** MATERIAL SUPPLIED follows **

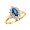 Yellow Gold Diamond and Marquise Sapphire Proposal Engagement Ring.
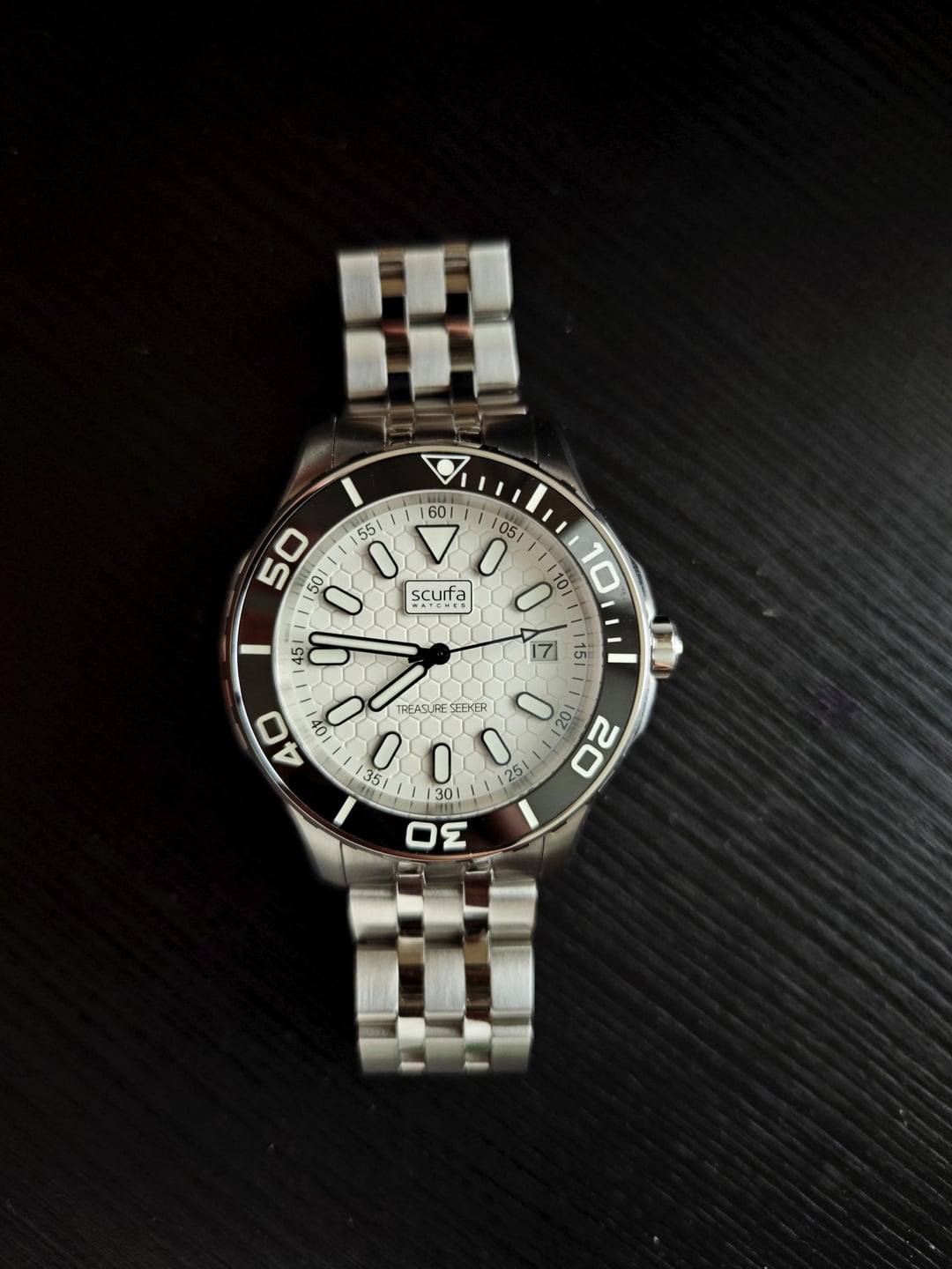 Hello all and welcome to my sale post! Up for sale is a cool watch from Scurfa. This is the Treasure Seeker with a white dial, and it features a Miyota 9015 automatic movement, which is reliable and accurate for the price. This watch is in near mint condition. There are some light scratches from handling and wear, but no major dings or gouges. The watch will come with box and warranty card. -Reference: TS-WHITE -Size: 41mm -Movement: Miyota 9015 automatic -Strap: Original bracelet -Watch with box and warranty card Price here at $375 shipped anywhere in the continental U.S. No trades sorry! I take Zelle (preferred), or bank wire as payment. Paypal F&F/Venmo can be an alternative if you have feedbacks on this subreddit. I have 100+ confirmed transactions on watchexchange, and many more on other platforms. Buy with confidence!
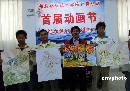 11月17日,湖南娄底职业技术学院的大学生为庆祝第61届“国际大学生节”,举行“首界动画节”等系列活动。背景资料:1939年11月17日,德国法西斯匪徒侵入捷克斯洛伐克屠杀布拉格大学9名学生和2名教授,同时其他名校的男女学生也遭到机枪扫射、殴打和监禁。1946年世界各国学生代表将每年11月17日定为国际大学生节。目的用来激励全世界大学生共同建设一个和平、民主、进步的社会而努力。中新社发 郭国权 摄
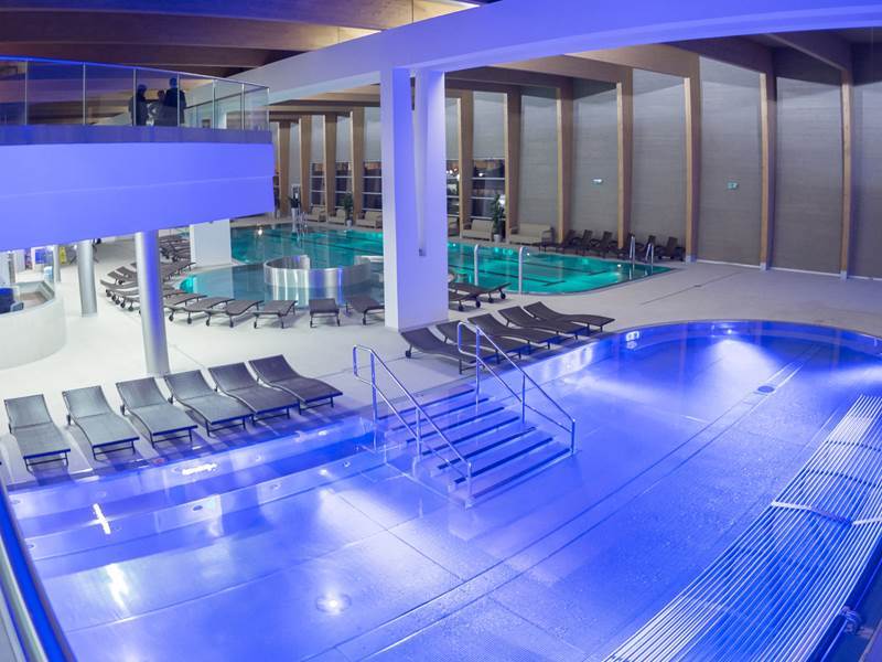 V tunajšom Vodnom svete nájdeme 4 bazény, ktoré sú prístupné v každom ročnom období. Vonkajší bazén s teplotou vody 35 až 38°C je vybavený masážnymi tryskami, špeciálnymi tryskami na masírovanie nôh, perličkovými lavicami a chrličmi vody. V krytom relaxačnom bazéne sa nachádzajú plavecké dráhy pre športovcov, ale aj vodné atrakcie, ako je divoká rieka, vodná hojdačka, perličkové lavice, masážne trysky a chrliče vody. V krytom oddychovom bazéne sa o dokonalú pohodu návštevníkov okrem iného postará 10 perličkových ležadiel, perličkové masážne trysky na sedenie, masáže chrbta a nôh a tiež masážne trysky na masírovanie tela v rôznych výškach. Súčasťou tohto bazéna je aj bio fit bar s vodopádom. Pre deti je pripravený detský bazén s viacerými zábavnými prvkami, ako je šmykľavka veľryba či striekajúci nosorožtek. Malých i veľkých potešia 2 vnútorné tobogany. K dispozícii je aj vonkajšia vírivka.
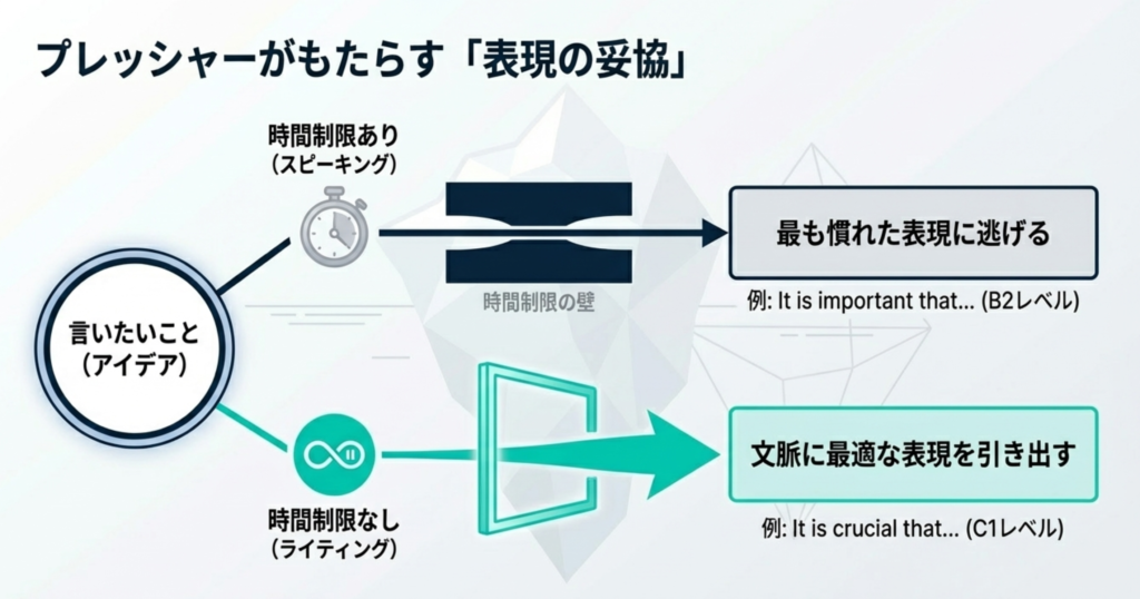 さらに深刻なのは、相手がいることによる心理的プレッシャーです。このプレッシャーが、新しい表現や語彙を試す機会を奪ってしまいます(「伝えなきゃ!」という気持ちが優位になる)。
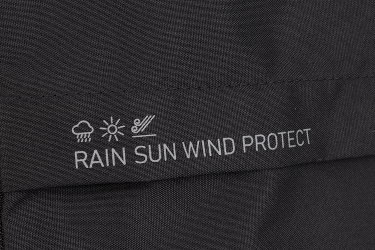 Budka przeciwsłoneczna posiada dodatkową rozpinaną sekcję, która pozwala pochylić ją do przodu i osłonić dziecko przed nisko operującym słońcem. Dodatkowo budka zakończona jest daszkiem przeciwsłonecznym, który w razie potrzeby można złożyć i schować we wnętrzu budki. W tylnej części budki znajdziemy okienko do podglądania dziecka i olbrzymi zamykany panel wentylacyjny wykończony siateczką. Projektanci nie zapomnieli również o praktycznej kieszonce.
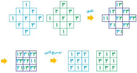 اگر آن دو مربع را A و B بنامیم، اعداد درون مربع های A شماره ماشین و اعداد درون مربع های B شماره مسیر را مشخص می کنند. لذا مربع حاصل از کنار هم قرر دادن درایه های آن ها، جواب مسئله است.

** End of MATERIAL SUPPLIED **

Copy out every entry above verbatim. Leave each picture out.

 Yellow Gold Diamond and Marquise Sapphire Proposal Engagement Ring.
 Hello all and welcome to my sale post! Up for sale is a cool watch from Scurfa. This is the Treasure Seeker with a white dial, and it features a Miyota 9015 automatic movement, which is reliable and accurate for the price. This watch is in near mint condition. There are some light scratches from handling and wear, but no major dings or gouges. The watch will come with box and warranty card. -Reference: TS-WHITE -Size: 41mm -Movement: Miyota 9015 automatic -Strap: Original bracelet -Watch with box and warranty card Price here at $375 shipped anywhere in the continental U.S. No trades sorry! I take Zelle (preferred), or bank wire as payment. Paypal F&F/Venmo can be an alternative if you have feedbacks on this subreddit. I have 100+ confirmed transactions on watchexchange, and many more on other platforms. Buy with confidence!
 11月17日,湖南娄底职业技术学院的大学生为庆祝第61届“国际大学生节”,举行“首界动画节”等系列活动。背景资料:1939年11月17日,德国法西斯匪徒侵入捷克斯洛伐克屠杀布拉格大学9名学生和2名教授,同时其他名校的男女学生也遭到机枪扫射、殴打和监禁。1946年世界各国学生代表将每年11月17日定为国际大学生节。目的用来激励全世界大学生共同建设一个和平、民主、进步的社会而努力。中新社发 郭国权 摄
 V tunajšom Vodnom svete nájdeme 4 bazény, ktoré sú prístupné v každom ročnom období. Vonkajší bazén s teplotou vody 35 až 38°C je vybavený masážnymi tryskami, špeciálnymi tryskami na masírovanie nôh, perličkovými lavicami a chrličmi vody. V krytom relaxačnom bazéne sa nachádzajú plavecké dráhy pre športovcov, ale aj vodné atrakcie, ako je divoká rieka, vodná hojdačka, perličkové lavice, masážne trysky a chrliče vody. V krytom oddychovom bazéne sa o dokonalú pohodu návštevníkov okrem iného postará 10 perličkových ležadiel, perličkové masážne trysky na sedenie, masáže chrbta a nôh a tiež masážne trysky na masírovanie tela v rôznych výškach. Súčasťou tohto bazéna je aj bio fit bar s vodopádom. Pre deti je pripravený detský bazén s viacerými zábavnými prvkami, ako je šmykľavka veľryba či striekajúci nosorožtek. Malých i veľkých potešia 2 vnútorné tobogany. K dispozícii je aj vonkajšia vírivka.
 さらに深刻なのは、相手がいることによる心理的プレッシャーです。このプレッシャーが、新しい表現や語彙を試す機会を奪ってしまいます(「伝えなきゃ!」という気持ちが優位になる)。
 Budka przeciwsłoneczna posiada dodatkową rozpinaną sekcję, która pozwala pochylić ją do przodu i osłonić dziecko przed nisko operującym słońcem. Dodatkowo budka zakończona jest daszkiem przeciwsłonecznym, który w razie potrzeby można złożyć i schować we wnętrzu budki. W tylnej części budki znajdziemy okienko do podglądania dziecka i olbrzymi zamykany panel wentylacyjny wykończony siateczką. Projektanci nie zapomnieli również o praktycznej kieszonce.
 اگر آن دو مربع را A و B بنامیم، اعداد درون مربع های A شماره ماشین و اعداد درون مربع های B شماره مسیر را مشخص می کنند. لذا مربع حاصل از کنار هم قرر دادن درایه های آن ها، جواب مسئله است.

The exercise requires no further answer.